I have 2 data frames that look something like this (it is a count table). data1 has a column called "Method" that I would like to add into data2. I want to match it based on ONLY Col1, Col2, Col3 (the Count column doesn't need to match). If there is a match, take the Method from data1 and put it in data2. If there is no match, then make the value "Not Determined". I have an example of what I'm looking for in the data frame below called data_final.

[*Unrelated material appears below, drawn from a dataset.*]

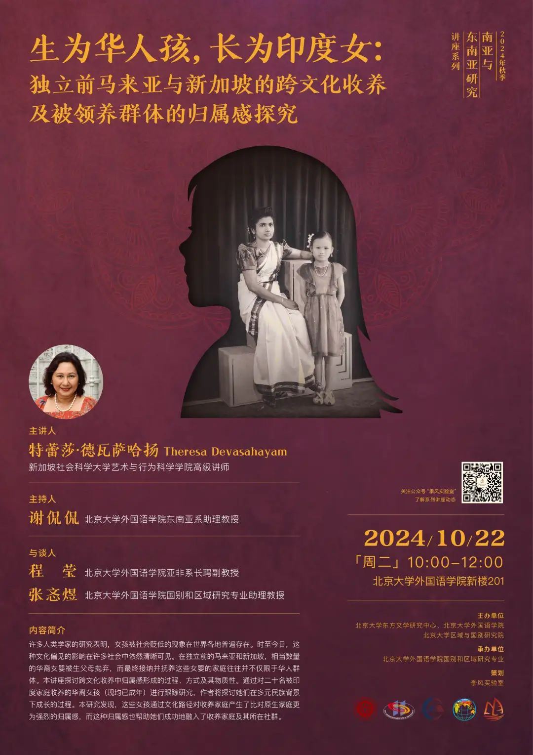 2024年10月22日,新加坡社会科学大学艺术与行为科学学院高级讲师特蕾莎·德瓦萨哈扬(Theresa Devasahayam)应邀为我院师生开展题为“生为华人孩,长为印度女:独立前马来亚与新加坡的跨文化收养及被领养群体的归属感探究”的讲座。本次讲座是由北京大学东方文学研究中心、中欧电竞和区域与国别研究院主办,中欧电竞国别和区域研究专业承办的2024年秋季学期东南亚研究系列讲座之一。讲座由东南亚系助理教授谢侃侃主持,亚非系长聘副教授程莹和国别与区域研究专业助理教授张忞煜参与讨论。

data1 <- data.frame("Col1" = c("ABC", "ABC", "EFG", "XYZ"), "Col2" = c("AA", "AA",
"AA", "BB"), "Col3" = c("Al", "B", "Al", "Al"), "Count" = c(1, 4, 6, 2), "Method" =
c("Sample", "Dry", "Sample", "Sample"))
data2 <- data.frame("Col1" = c("ABC", "ABC", "ABC", "EFG", "XYZ", "XYZ"), "Col2" =
c("AA", "AA","CC", "AA", "BB", "CC"), "Col3" = c("Al", "B", "C", "Al", "Al", "C"),
"Count" = c(1, 4, 5, 6, 2, 1))
I would like to create a new data frame that looks like this with what I described above:
data_final <- data.frame("Col1" = c("ABC", "ABC", "ABC", "EFG", "XYZ", "XYZ"), "Col2"

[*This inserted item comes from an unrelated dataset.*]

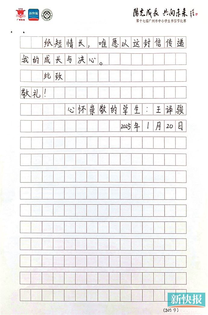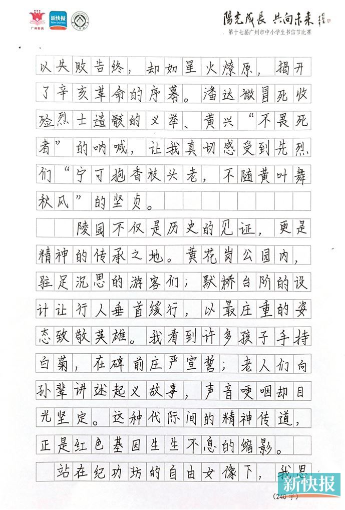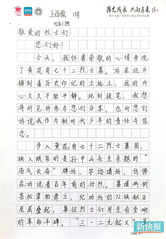 在本届广州市中小学生书信节比赛中,来自越秀区雅荷塘小学的王译骏凭借一封写给黄花岗七十二烈士的深情书信脱颖而出,荣获低年级组一等奖。“1911年4月27日的广州黄花岗起义是辛亥革命的关键节点,烈士的牺牲精神让我很感动,我有好多话想对他们说,我选择写信给他们。”译骏告诉新快报记者,自己此前在电视上看到了黄花岗七十二烈士的英雄事迹,内心充满对革命先烈的崇敬之情。今年1月,他和妈妈一同前往黄花岗七十二烈士墓园,现场的庄严肃穆深深触动了他,促使他提笔写下了这封跨越时空的书信。

= c("AA", "AA","CC", "AA", "BB", "CC"), "Col3" = c("Al", "B", "C", "Al", "Al", "C"),
"Count" = c(1, 4, 5, 6, 2, 1), "Method" = c("Sample", "Dry", "Not Determined",
"Sample", "Sample", "Not Determined"))
Thank you for your help!
CodePudding user response:
You can use left_join
on data2, and remove the Count
column in data1 for the left_join
. Then replace NA
with "Not Determined" to match your output.
library(dplyr)
left_join(data2,
data1 %>% select(-Count),
by = c("Col1", "Col2", "Col3")) %>%
mutate(Method = replace_na(Method, "Not Determined"))
Col1 Col2 Col3 Count Method
1 ABC AA Al 1 Sample
2 ABC AA B 4 Dry
3 ABC CC C 5 Not Determined
4 EFG AA Al 6 Sample
5 XYZ BB Al 2 Sample
6 XYZ CC C 1 Not Determined
CodePudding user response:
In Base R, you could do a merge:
data3 <- merge( data1, data2, all.y = TRUE )
and then replace the NAs with your string of choice:
data3[ is.na( data3[ 5 ] ), 5 ] <- "Not Determined"
which gives you
> data3
Col1 Col2 Col3 Count Method
1 ABC AA Al 1 Sample
2 ABC AA B 4 Dry
3 ABC CC C 5 Not Determined
4 EFG AA Al 6 Sample
5 XYZ BB Al 2 Sample
6 XYZ CC C 1 Not Determined
Attention: If you are on an older version of R (< 4.0), you might be dealing with factors and need to add the additional factor level before with
levels( data3$Method ) <- c( levels( data3$Method ), "Not Determined" )